WORK INSTRUCTIONS: Leaving all pictures out, output exactly and only the line containing "4- End of the 4WD gymkhana." and the lines that follow it to the end of the material below.

RECORDS SHOWN:
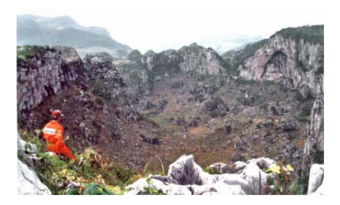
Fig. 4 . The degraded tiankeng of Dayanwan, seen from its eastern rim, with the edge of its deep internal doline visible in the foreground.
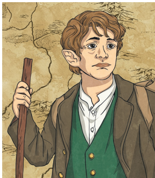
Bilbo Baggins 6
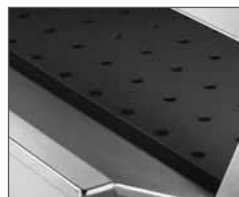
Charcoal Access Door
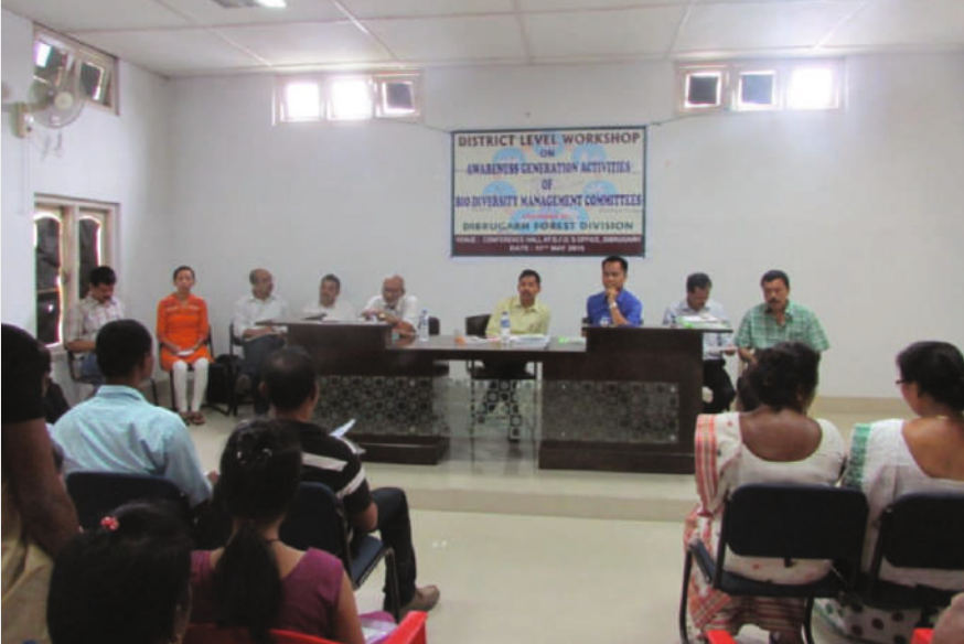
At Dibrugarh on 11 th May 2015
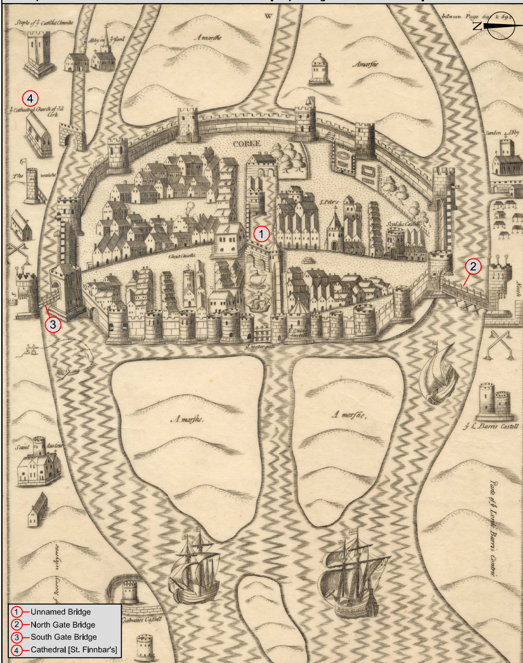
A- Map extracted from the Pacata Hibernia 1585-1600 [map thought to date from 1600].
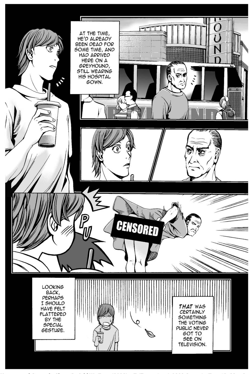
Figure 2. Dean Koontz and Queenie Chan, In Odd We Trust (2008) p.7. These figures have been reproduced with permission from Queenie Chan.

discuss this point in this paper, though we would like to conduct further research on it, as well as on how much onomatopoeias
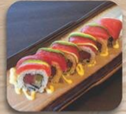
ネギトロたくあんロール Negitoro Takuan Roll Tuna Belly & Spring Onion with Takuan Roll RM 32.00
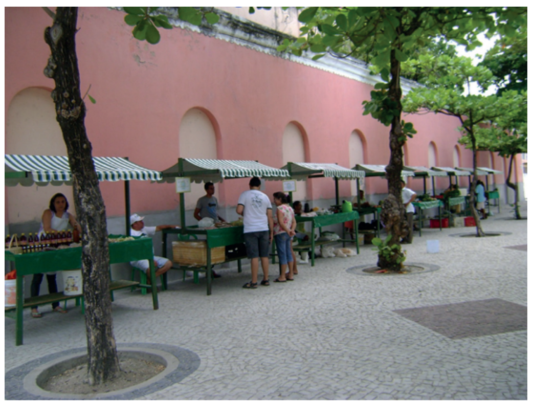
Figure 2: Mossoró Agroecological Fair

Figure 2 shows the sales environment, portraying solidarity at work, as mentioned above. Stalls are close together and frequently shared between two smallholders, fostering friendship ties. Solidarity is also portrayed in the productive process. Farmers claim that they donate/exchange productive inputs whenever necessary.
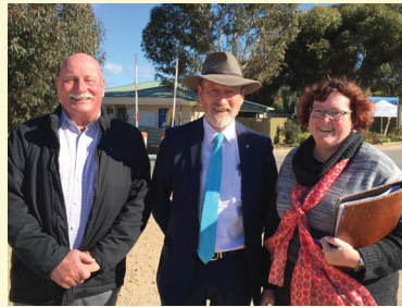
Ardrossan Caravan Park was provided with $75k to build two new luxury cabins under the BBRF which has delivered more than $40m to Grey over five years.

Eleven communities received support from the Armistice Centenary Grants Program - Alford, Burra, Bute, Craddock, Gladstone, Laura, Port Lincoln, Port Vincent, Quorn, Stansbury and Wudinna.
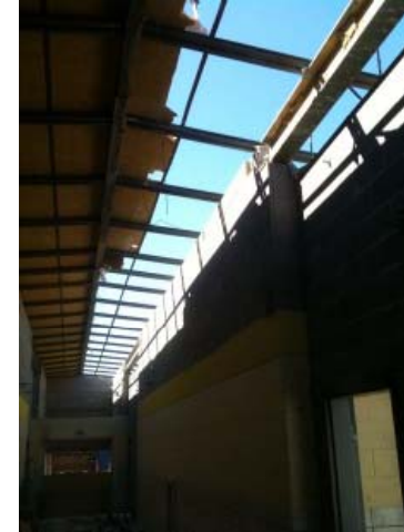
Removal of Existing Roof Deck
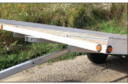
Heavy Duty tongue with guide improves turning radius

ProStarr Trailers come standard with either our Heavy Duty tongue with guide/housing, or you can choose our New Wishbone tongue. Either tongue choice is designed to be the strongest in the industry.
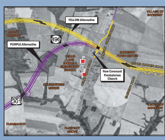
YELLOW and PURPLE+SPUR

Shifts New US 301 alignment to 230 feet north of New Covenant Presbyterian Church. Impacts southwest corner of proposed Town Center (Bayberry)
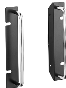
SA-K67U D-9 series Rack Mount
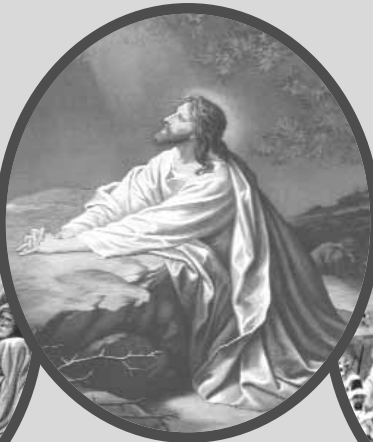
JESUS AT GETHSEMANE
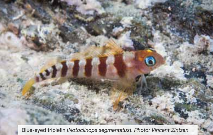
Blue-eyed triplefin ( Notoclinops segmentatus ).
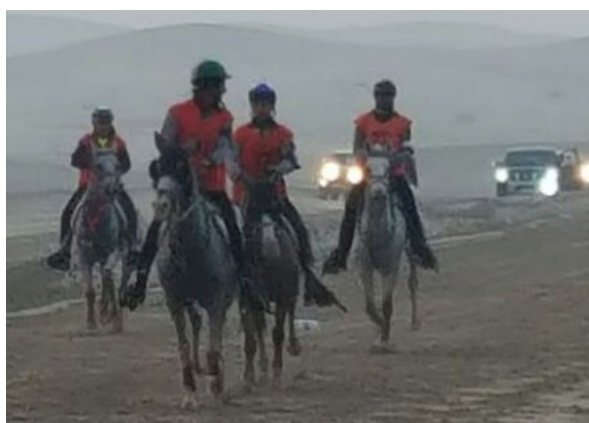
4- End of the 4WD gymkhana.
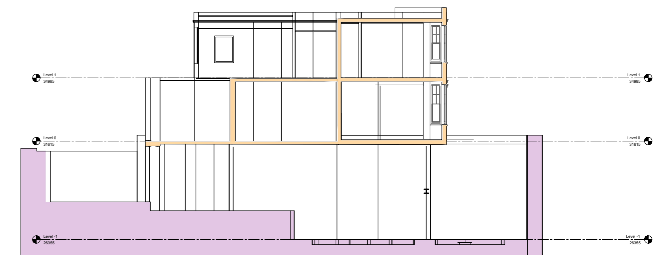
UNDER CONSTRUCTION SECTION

SOLUTION TO THE PROBLEM:
4- End of the 4WD gymkhana.
UNDER CONSTRUCTION SECTION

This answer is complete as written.